[Data shown Boundary: Start]

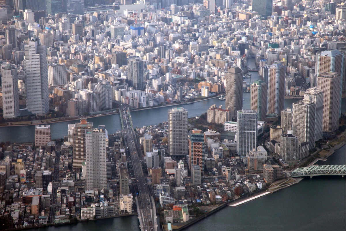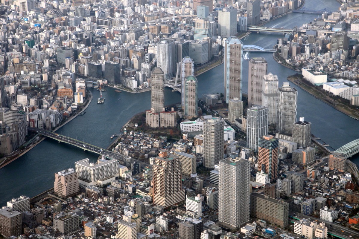 ヘリコプターから見た「リバーシティ21」と「月島」の超高層マンション群です。 右上から左下にかけて流れている川が「隅田川」で 右下に流れているのが「晴海運河」です。 その「隅田川」と「晴海運河」に挟まれた三角地帯の先の方が 「リバーシティ21」と呼ばれる地区のタワーマンション群です。 縦の白い線が入ったマンションが 「ザ・クレストタワー」(地上32階、高さ109.1m)で ここからは「リバーシティ21」ではありません。 |
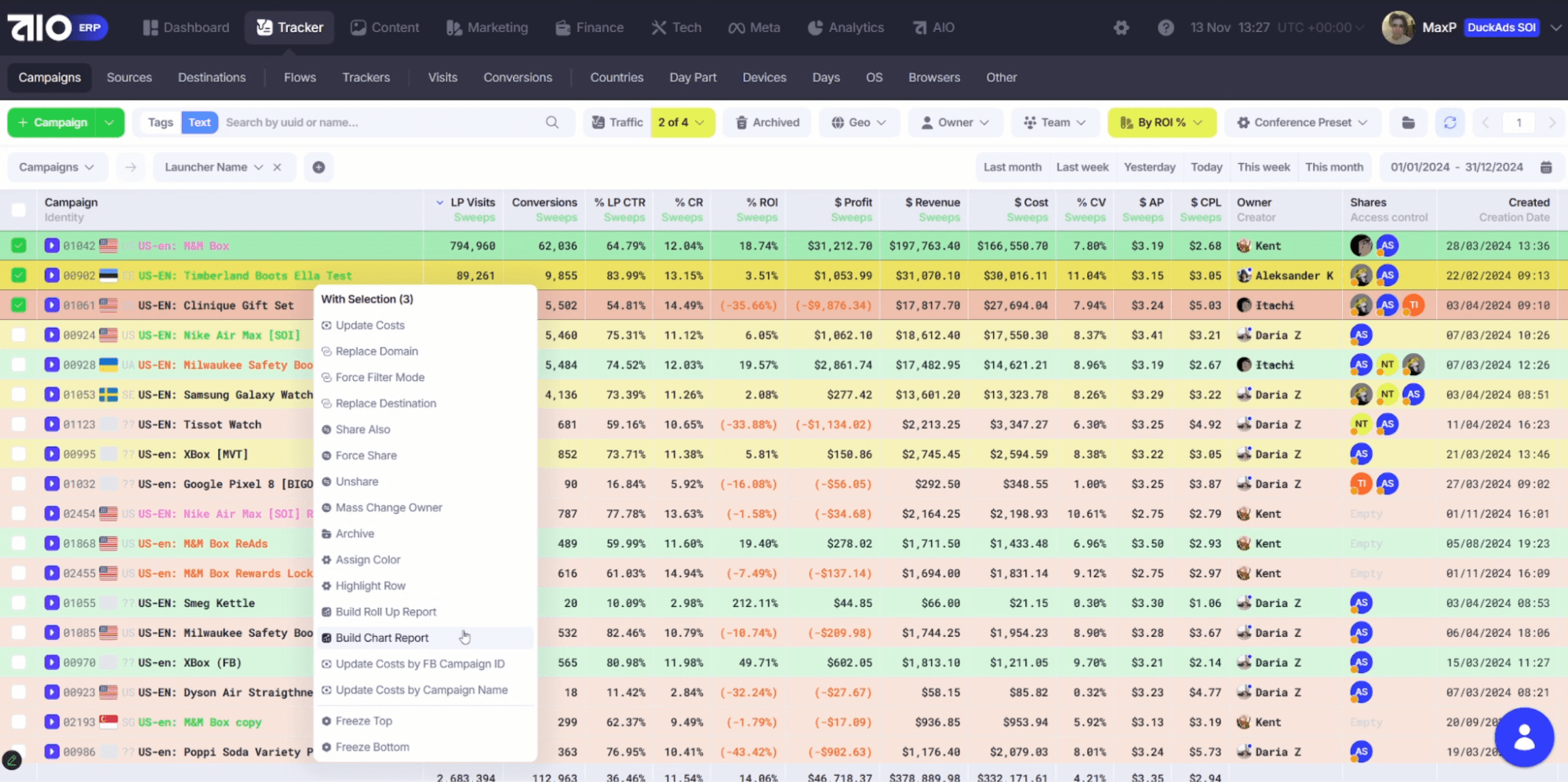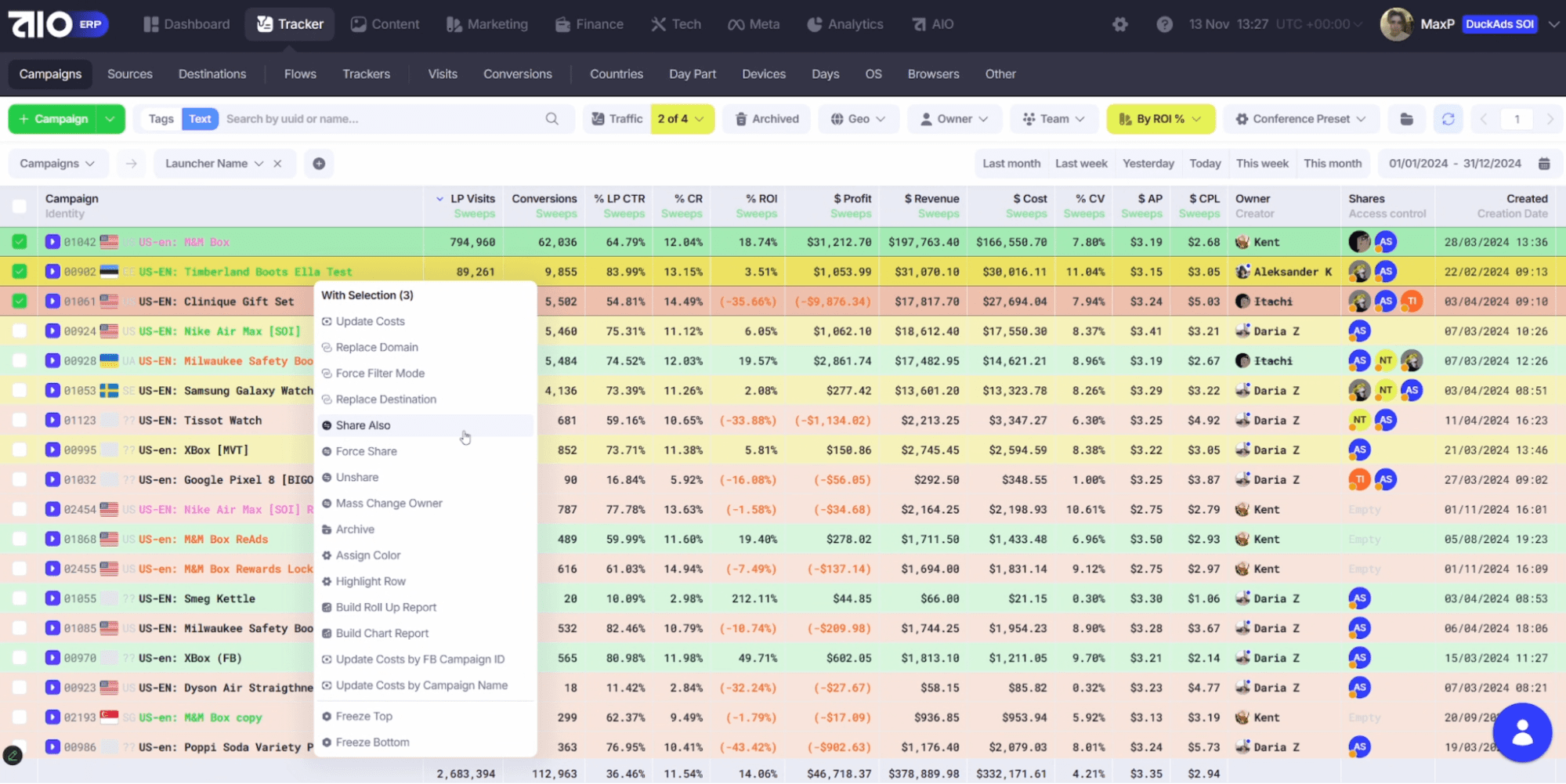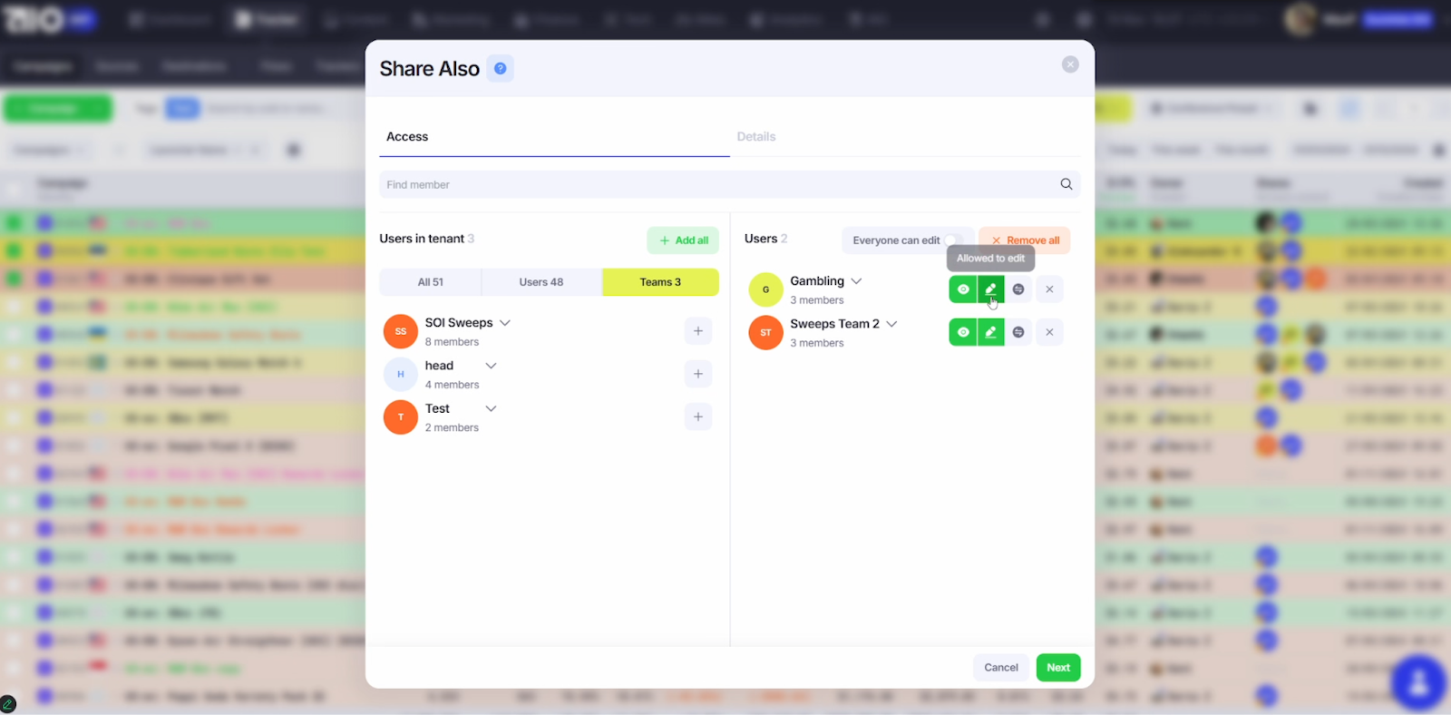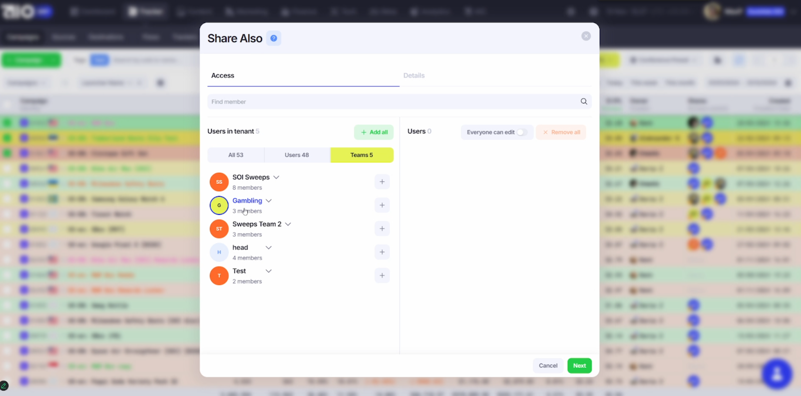 Команда создается из уже добавленных пользователей. В левом столбце отображаются все юзеры системы - перетягиваем нужных в команду. Можно назначить уровень: Team Member, Team Leader, Team Head. После сохранения команда будет создана. Теперь можно делиться любым элементом системы. Рассмотрим на примере кампаний. Переходим в трекер,
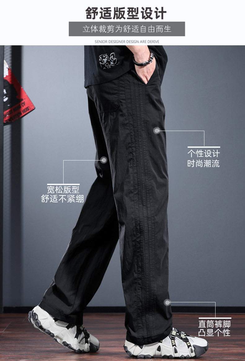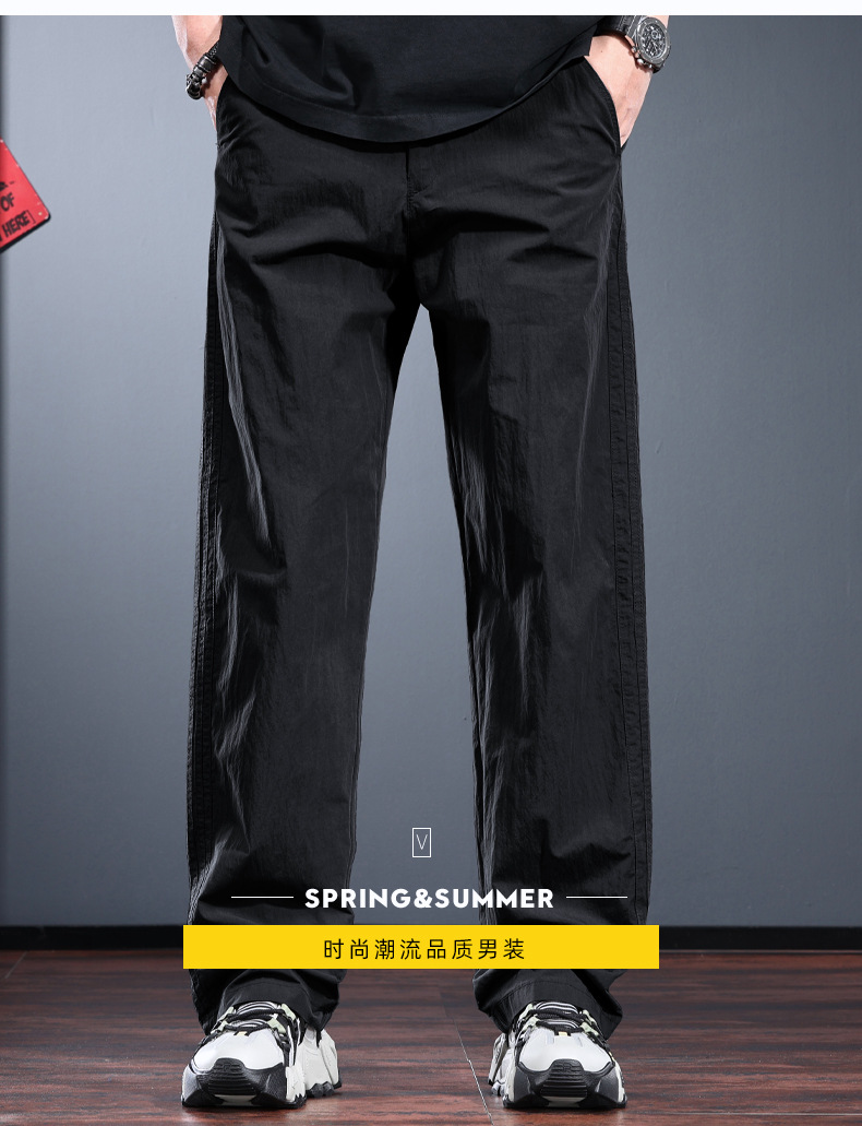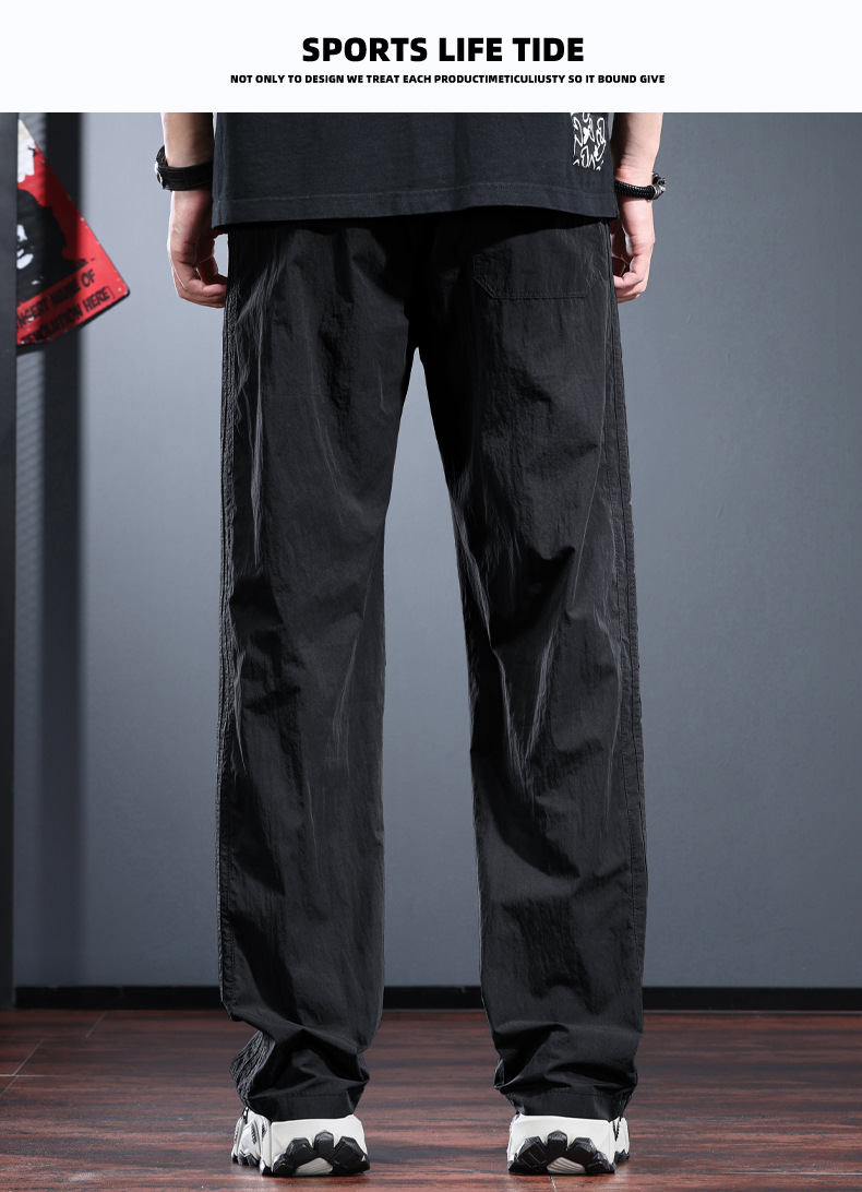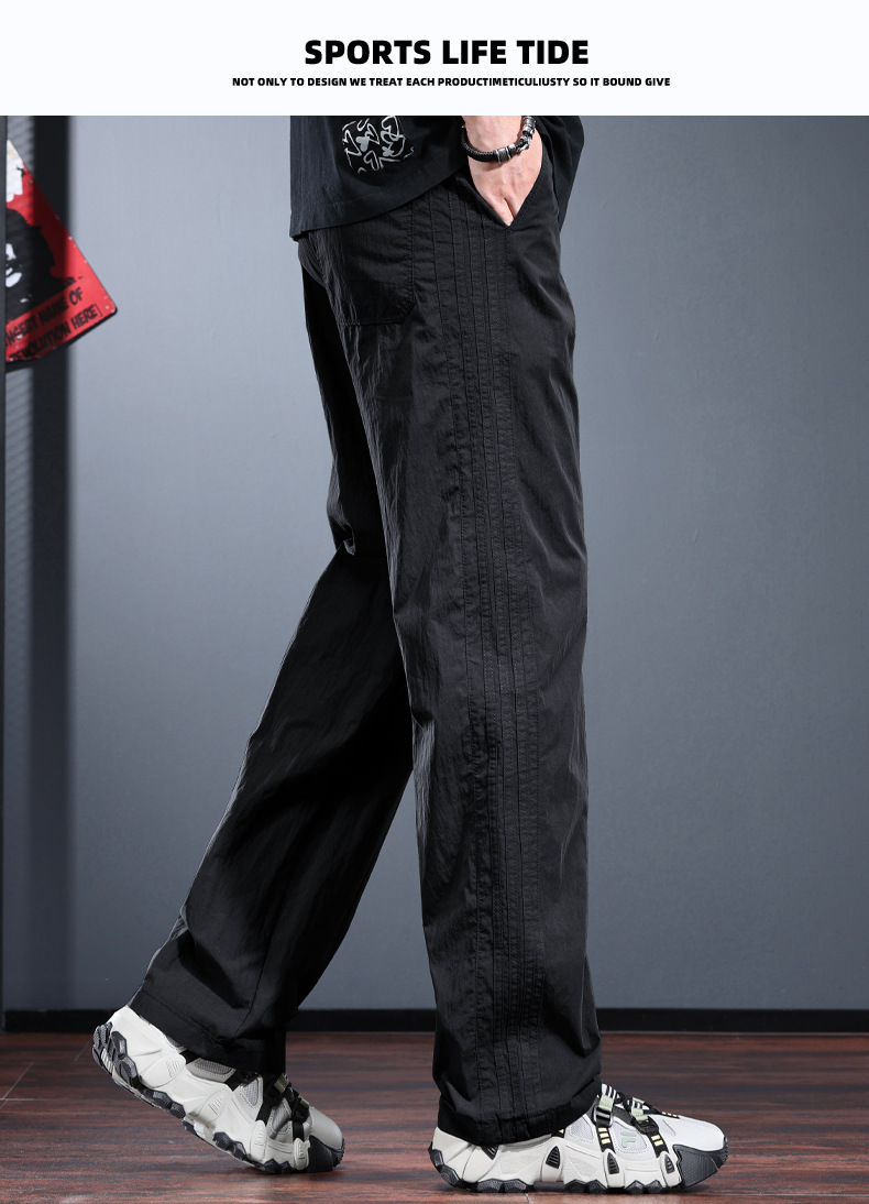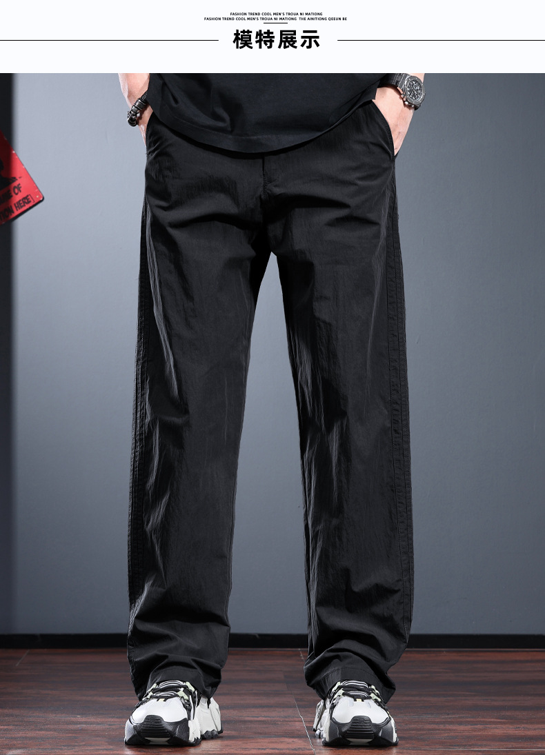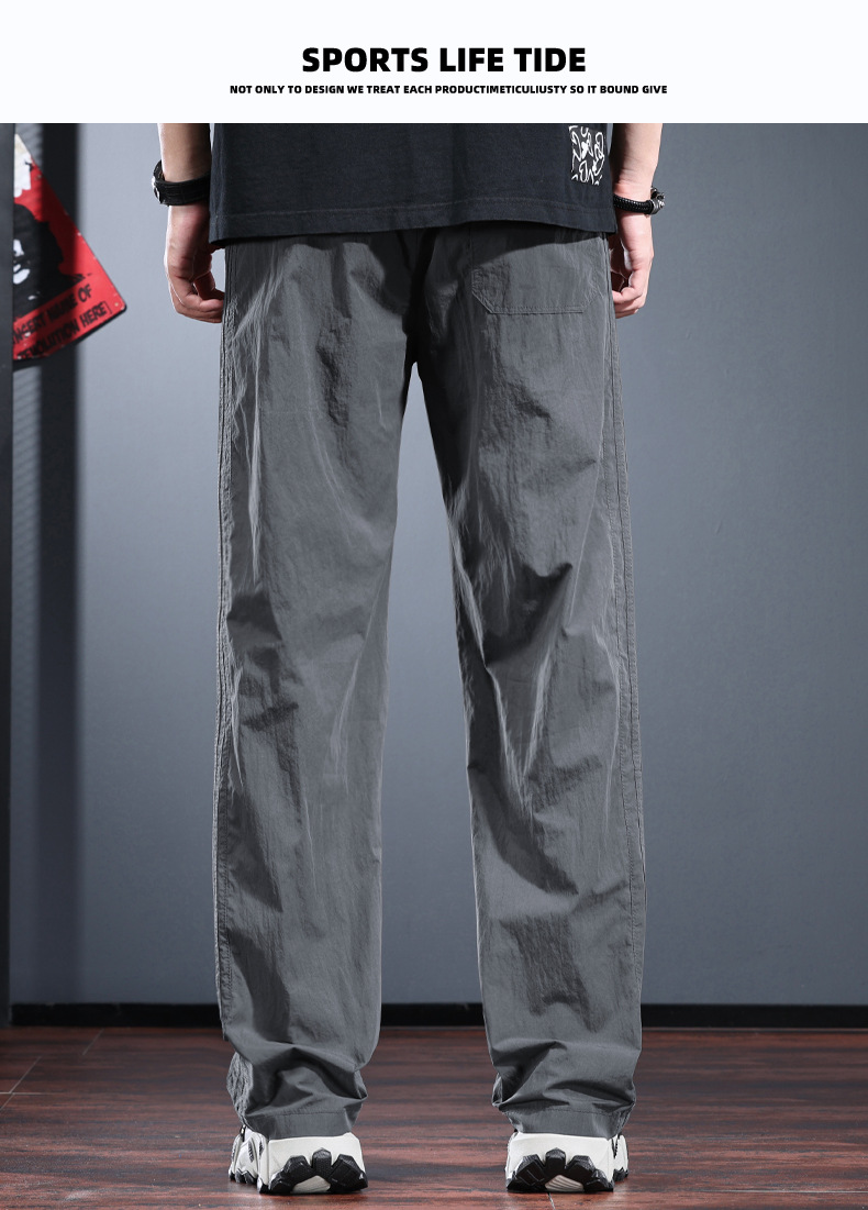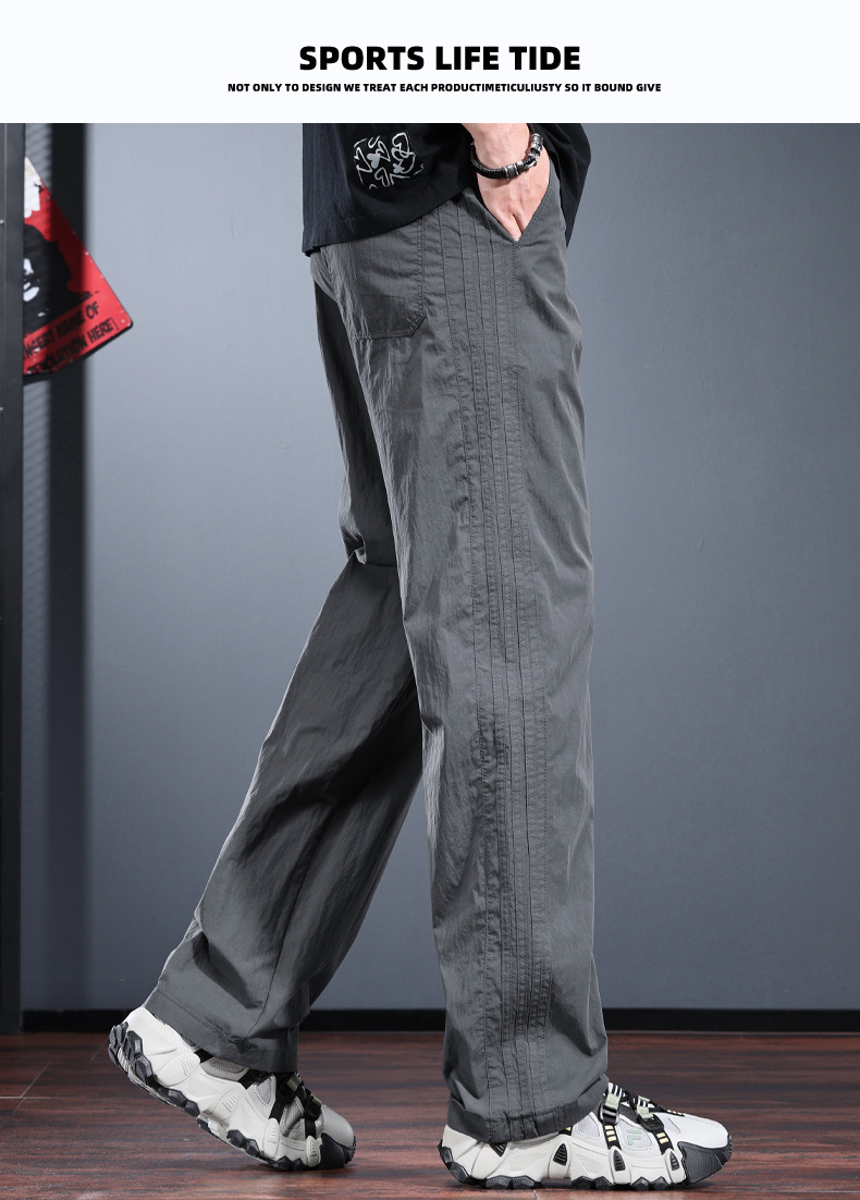 남성용 여름 캐주얼 팬츠, 루즈한 스트레이트 와이드 팬츠, 유럽과 미국의 심플한 하이엔드 아웃도어 등산 스포츠 속건성 얇은 바지

[Data shown Boundary: End]

= Brief =
Copy the data verbatim, skipping any image it holds.

= Solution for this problem =
 ヘリコプターから見た「リバーシティ21」と「月島」の超高層マンション群です。 右上から左下にかけて流れている川が「隅田川」で 右下に流れているのが「晴海運河」です。 その「隅田川」と「晴海運河」に挟まれた三角地帯の先の方が 「リバーシティ21」と呼ばれる地区のタワーマンション群です。 縦の白い線が入ったマンションが 「ザ・クレストタワー」(地上32階、高さ109.1m)で ここからは「リバーシティ21」ではありません。 |
 Команда создается из уже добавленных пользователей. В левом столбце отображаются все юзеры системы - перетягиваем нужных в команду. Можно назначить уровень: Team Member, Team Leader, Team Head. После сохранения команда будет создана. Теперь можно делиться любым элементом системы. Рассмотрим на примере кампаний. Переходим в трекер,
 남성용 여름 캐주얼 팬츠, 루즈한 스트레이트 와이드 팬츠, 유럽과 미국의 심플한 하이엔드 아웃도어 등산 스포츠 속건성 얇은 바지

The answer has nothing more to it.